Implement the algorithm with the following interface:
```
function nnmf(
 X::Matrix{T},
 r::Integer;
 maxiter::Integer=1000, 
 tol::Number=1e-4,
 V::Matrix{T}=rand(T, size(X, 1), r),
 W::Matrix{T}=rand(T, r, size(X, 2))
 ) where T <: AbstractFloat
 # implementation
 # Output
 return V, W
end
```
Start your algorithm from $v_{ik}^{(0)} = w_{kj}^{(0)} = 1$ for all $i,j,k$ and use the stopping criterion $$ \frac{|L^{(t+1)} - L^{(t)}|}{|L^{(t)}| + 1} \le tol. $$

Apply the algorithm with r=3, 5, 10 and report the run times, using @time.

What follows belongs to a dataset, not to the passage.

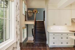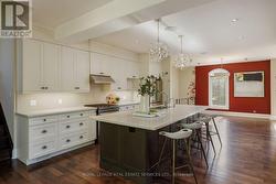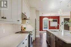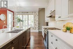 A remarkable lifestyle awaits in Oakvilles highly sought-after West Oakville community, where every convenience is just steps away. This exquisite custom raised bungaloft, redesigned in 2016 by Keeren Designs, backs directly onto the scenic Donovan Bailey Trail & is only a 3-minute walk to the Queen Elizabeth Park Community & Cultural Centre. Enjoy nearby Bronte Harbour, Lake Ontario, waterfront parks, & Bronte Villages shops & restaurants, all just minutes away, with quick commuter access to Bronte GO Station & the QEW/403. Showcasing undeniable curb appeal, this luxury home features a stucco facade with accent shutters, stone steps leading to a covered entry with columns & iron railings, interlocking stone walkways, professional landscaping with mature trees, a 9-zone irrigation system, & exterior cameras. The private backyard retreat offers upper & lower stone patios, gardens with armour stone accents, evergreens, & direct trail access. Inside, the residence boasts 2+3 bedrooms, 2.5 bathrooms, & a versatile loft perfect as a bedroom, home office, or studio. The 2016 transformation added a gourmet kitchen, wide-plank hardwood, designer tiles, custom built-ins, deep trim, built-in speakers, & expandable Control4 smart home automation. Designed for comfort & entertaining, the open-concept main floor offers 9 ceilings, family room with gas fireplace, spacious dining room, & chefs kitchen with custom cabinetry, quartz counters, oversized island with seating for 6, high-end appliances, & a breakfast area with walkout to the backyard. The primary suite showcases 2 walk-in closets & a spa-inspired 4-piece ensuite with soaker tub & oversized glass shower. The finished lower level includes a large recreation room, 3 bright bedrooms, 3-piece bath with heated floor & glass shower, oversized laundry, & abundant storage. Upgrades include furnace, HRV, roof shingles (2016), & recently, some main floor windows updated, & addition of a custom 8 solid wood front entry door. (id:7525)

Efficiency (both speed and memory) as well as correctness of the implementation will be the most important criterion when grading this problem.
Plot the $r$ rows of the resulting matrix $\mathbf{H}$ as 28x28 images for the tried values of $r$ above. You may need to scale them to be visible.
Consider the case $r=10$. Pick the image $\mathbf{x}_i$ used in Homework 3, Q1-2, and plot its NMF coefficients, i.e., the $i$th row of matrix $\mathbf{V}$. Compare the result with the PCA loadings of Homework 3, Q1-2.